Можно утверждать с большой степенью вероятности, что «нашу» вечность учредили несколько лет спустя после того, как хроническое кишечное недомогание свело в могилу Марка Аврелия, и что местом, где произошло это головокружительное событие, была балка Фурвьер, прежде называемая Форум Ветус, а ныне знаменитая своей базиликой и фуникулером. Эта учрежденная епископом Иринеем всеобъемлющая вечность была не просто новой сутаной, в которую облеклась церковь, не была она и каким-то доктринальным изыском, ей пришлось стать сознательной позицией и оружием. Слово рождается Отцом, и Дух Святой исходит от Отца и от Сына, на основании этих двух бесспорных фактов гностики приходят к заключению, что Отец был раньше Сына и оба предшествовали Духу. Такой вывод разъединял Троицу. Ириней разъяснил, что оба события – рождение Сына Отцом и исхождение Духа от них обоих – осуществляются не во времени, но разом охватывают прошедшее, настоящее и будущее. Эта точка зрения возобладала, сейчас она – догма. Так была провозглашена вечность, таившаяся прежде в тени какого-то безвестного платоновского текста. Неслиянность и нераздельность трех ипостасей Господа ныне представляется слишком незначительным вопросом для того, чтобы на него серьезно отвечать, и, однако, не приходится сомневаться в том, что этот вопрос имел первостепенное значение, поскольку с его решением связывались определенные надежды: «Aeternitas est merum hodie, et immediata et lucida fruitio rerum infinitarum»[128]. Идеологическое значение полемики вокруг Троицы также сомнению не подлежит.
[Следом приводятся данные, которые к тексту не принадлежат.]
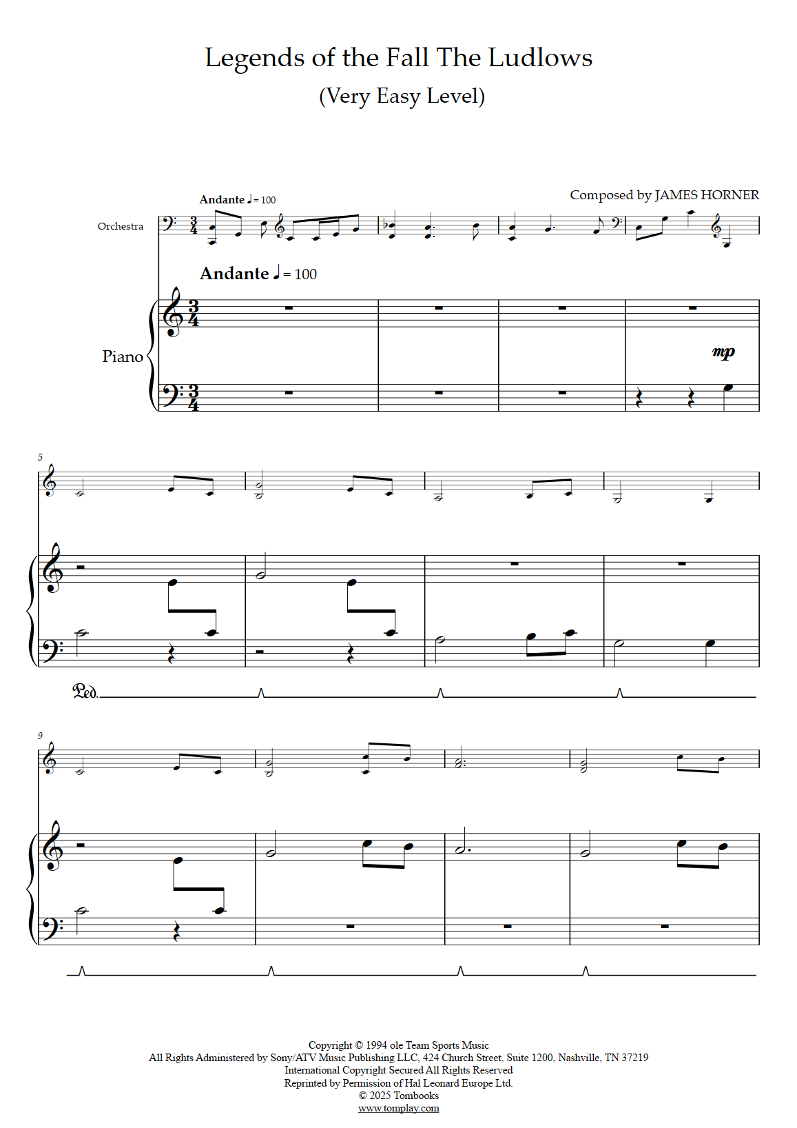 James Horner : Légendes d'automne - The Ludlows (niveau très facile, avec orchestre)

Сейчас в светских католических кругах к Троице относятся как к чему-то само собой разумеющемуся, безупречно верному и беспредельно архаичному. Меж тем в кругах либералов ее рассматривают как воплощение изживающей себя церковной догмы, подлежащей устранению по мере развития демократии. Конечно, троичность не умещается в эти представления. Внезапную идею объединить в одно целое Отца, Сына и призрак можно счесть интеллектуальным извращением, она – как чудище из ночного кошмара, ведь если ад представляет собой физическое насилие как таковое, то сплетение трех фигур – это какой-то интеллектуальный ужас, некая заарканенная вечность, уловленная при помощи двух повешенных друг против друга зеркал. У Данте она изображена в виде разноцветных прозрачных кругов, совпадающих друг с другом. У Донна это толстые змеи, обвившиеся одна вокруг другой. «Toto coruscat trinitas mysterio»[129], – написал св. Павлин.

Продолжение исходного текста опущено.